Bon, le week-end commence mal pour moi, il faut que je pousse plusieurs coups de gueule.
1 - Pourquoi les leaders n'attaquent-ils pas ? Gestion d'une course de 3 semaines ? Non, en se mettant à bloc pendant 10km on ne laisse pas beaucoup de traces, et la bosse non répertoriée était tout aussi dure que la rampe finale. Je suis sûr que certains leaders, moins forts actuellement, auraient été lâchés et auraient pu perdre 20-30 secondes si Roglic ou Yates étaient passés à l'offensive. Et il y a encore un jour de "récup" jusqu'au chrono ...

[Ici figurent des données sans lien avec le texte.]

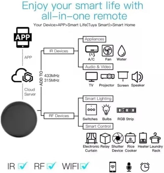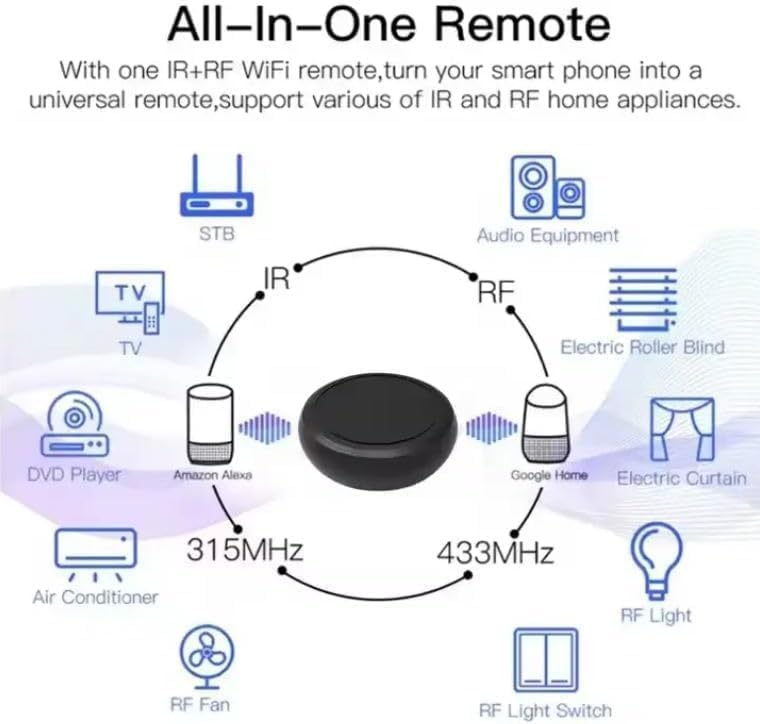- 1- Support IR / RF 2 2-Support 433 / 315 frequency 3-Easy distribution network 4- APP remote control 5-Support air conditioning, TV, Fan and TVBOX 6-Infrared Function can expand more control (38KHz) 7- 360 degree wide infrared signal coverage- Support Alexa and GoG assistant For 9-Smart TUYA APP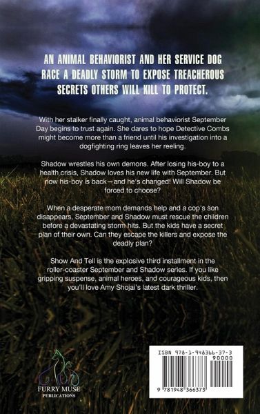 "Riveting, wholly satisfying ...makes us care." --Jon Land, USA Today bestselling author An animal behaviorist and her service dog race a deadly storm to expose treacherous secrets others will kill to protect. With her stalker finally caught, animal behaviorist September Day begins to trust again. She dares to hope Detective Combs might become more than a friend until his investigation into a dogfighting ring leaves her reeling. Shadow wrestles his own demons. After losing his-boy to a health crisis, Shadow loves his new life with September. But now his-boy is back--and he's changed! Will Shadow be forced to choose? When a desperate mom demands help and a cop's son disappears, September and Shadow must rescue the children before a devastating storm hits. But the kids have a secret plan of their own. Can they escape the killers and expose the deadly plan? Show And Tell is the explosive third installment in the roller-coaster September and Shadow series. If you like gripping suspense, animal heroes, and courageous kids, then you'll love Amy Shojai's latest dark thriller. Buy Show And Tell to join the hunt for justice today!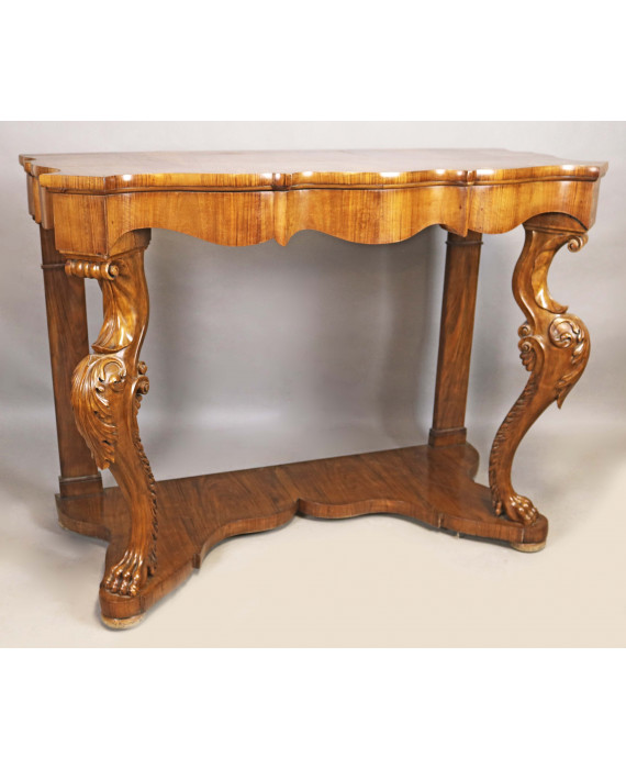 Console impiallacciata in legno di noce con due sostegni anteriori intagliati a volute terminanti a zampa su pianetto inferiore. Italia, sec. XIX. cm97x130x64 (lievi difetti)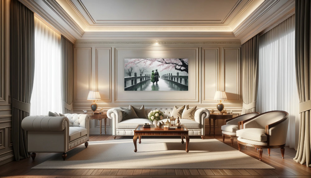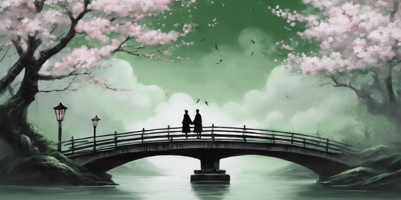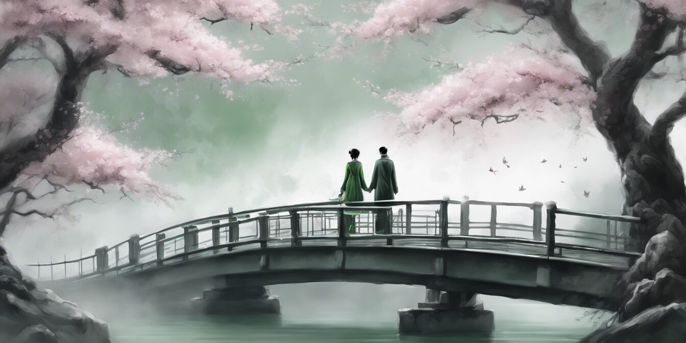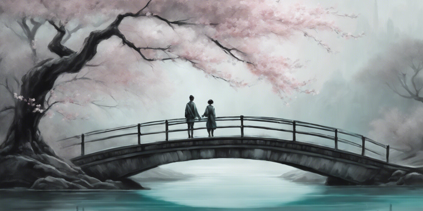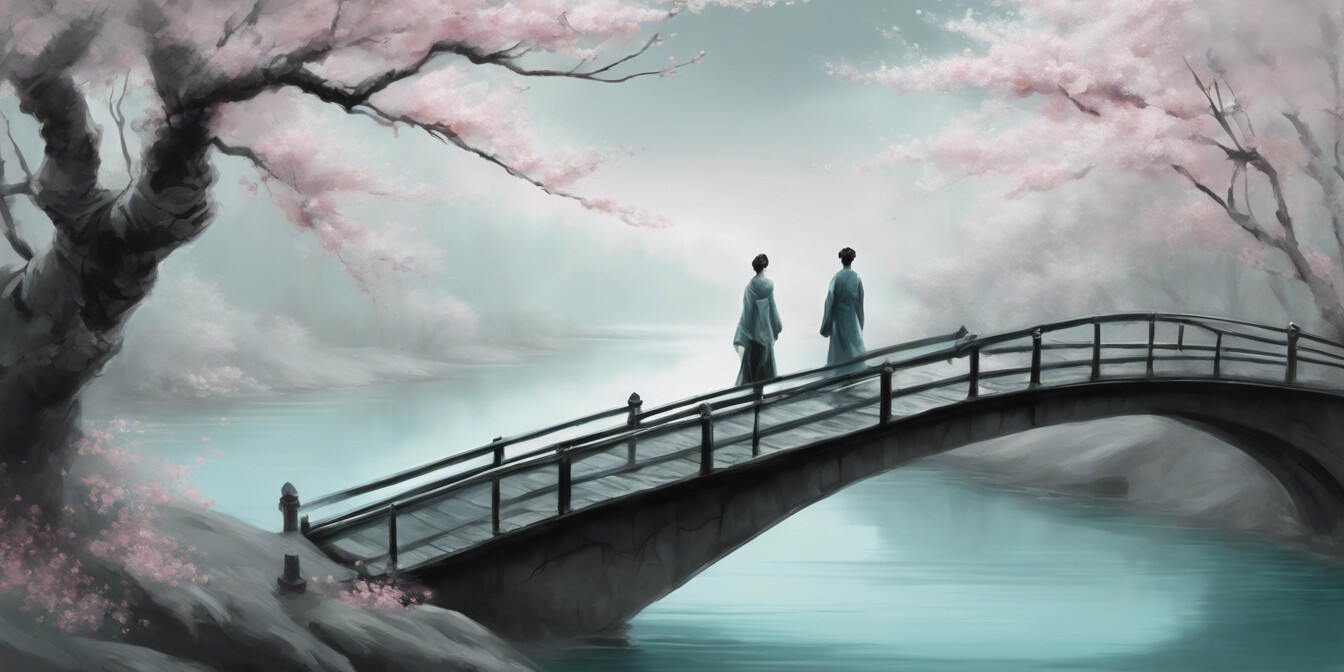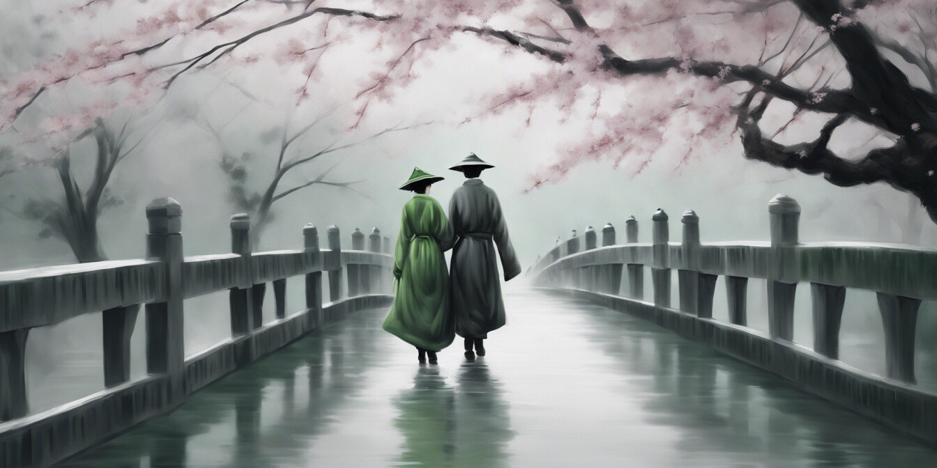 Eine faszinierende Darstellung zweier Personen in traditioneller asiatischer Kleidung, die gemeinsam einen Holzsteg entlangwandern. Die Szene wird durch die mystische Atmosphäre eines nebelverhangenen Tages unterstrichen, während zarte Kirschblüten einen Hauch von Farbe und vergänglicher Schönheit hinzufügen. Dieses Kunstwerk verbindet klassische Eleganz mit einem Gefühl der Ruhe und ist eine Hommage an die traditionelle asiatische Kultur und ihre Landschaften. Die harmonische Komposition macht dieses Bild zu einem idealen Akzent für jeden Raum, der Ruhe und künstlerische Tiefe ausstrahlen soll.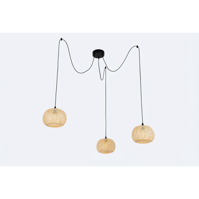 Ontdek de indrukwekkende 3-lichts buitenhanglamp Rafael, een echte blikvanger voor jouw buitenruimte. Deze royale buitenlamp is voorzien van drie bolvormige, gevlochten bamboekappen die samen een sfeervolle oosterse uitstraling creëren. Met een totale diameter van 129 cm en een verstelbare hoogte tot maximaal 150 cm komt Rafael prachtig tot zijn recht boven een grote buitentafel, veranda of overkapping. De lamp is ontworpen met oog voor zowel duurzaamheid als stijl. Het natuurlijke bamboe zorgt voor een warme, uitnodigende sfeer, terwijl de constructie stevig genoeg is voor langdurig gebruik in de buitenlucht. Dankzij de IP44-classificatie is Rafael geschikt voor beschutte buitenplekken, waarbij hij beschermd wordt tegen regen en vocht. Let op: de 3 benodigde E27 lichtbronnen worden niet standaard meegeleverd, dus bestel deze apart mee. In combinatie met dimbare lichtbronnen en een externe dimmer (niet inbegrepen) kun je de lichtintensiteit volledig afstemmen op de gewenste sfeer. Met de 3-lichts buitenhanglamp Rafael voeg je niet alleen verlichting toe, maar geef je jouw tuin een indrukwekkende en stijlvolle uitstraling.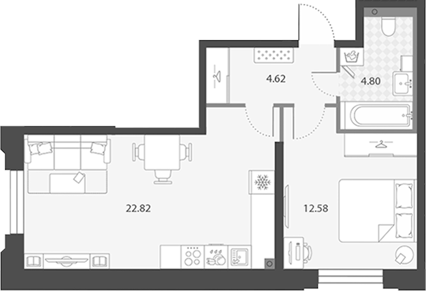 - Площадь кухни22,82 м2

2 - A la rigueur, si tu ne comptes pas attaquer, ok ! Mais pourquoi fais-tu rouler tes équipiers à bloc avant la dernière rampe ? Pour te placer ? Sur une route qui fait au moins 6 mètres de large ...
On a donc un Giro qui ressemble de plus en plus au Tour de France et malheureusement ce n'est pas un compliment.

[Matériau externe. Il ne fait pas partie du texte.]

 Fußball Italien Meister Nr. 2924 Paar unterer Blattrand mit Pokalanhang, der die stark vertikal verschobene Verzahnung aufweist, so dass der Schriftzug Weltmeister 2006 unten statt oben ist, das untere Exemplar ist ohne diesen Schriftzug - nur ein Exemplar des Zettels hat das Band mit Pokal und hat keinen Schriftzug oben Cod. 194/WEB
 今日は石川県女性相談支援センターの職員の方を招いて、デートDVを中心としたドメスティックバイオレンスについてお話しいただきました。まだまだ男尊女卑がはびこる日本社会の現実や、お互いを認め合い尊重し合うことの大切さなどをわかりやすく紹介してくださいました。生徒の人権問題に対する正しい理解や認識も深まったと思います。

3 - Comment devient-on journaliste cyclisme ? Parce que là sérieusement, j'en ai marre ! Plusieurs d'entre nous seraient capables d'être plus pertinents, de s'exprimer mieux, que ce Patrick C. Je ne peux voir que ce que la télé montre, et pourtant je reconnais les coureurs mieux que lui, il annonce l'attaque devant d'un mec lâché il y a dix minutes, il traduit la moitié des phrases de travers pendant les interviews en anglais ... Pas aidé par Riblon qui fait une faute toutes les deux minutes ...
Décidément ce début de Giro est TRES long.
Bravo à Bilbao qui l'a joué fine. Il a su attaquer de manière incisive mais surtout au bon moment, quand Formolo est à l'avant du groupe et qu'il est en train de pousser depuis un moment. Après il lui fallait les jambes pour tenir, il les a eues. Bien ! Ca m'a rappelé sa victoire sur le Tour des Alpes l'an dernier, en costaud.
Etonné de voir De Gendt se relever ... Peut-être n'avait-il pas les jambes, ça ne lui ressemble pas de se planter sur les chances d'une échappée d'aller au bout.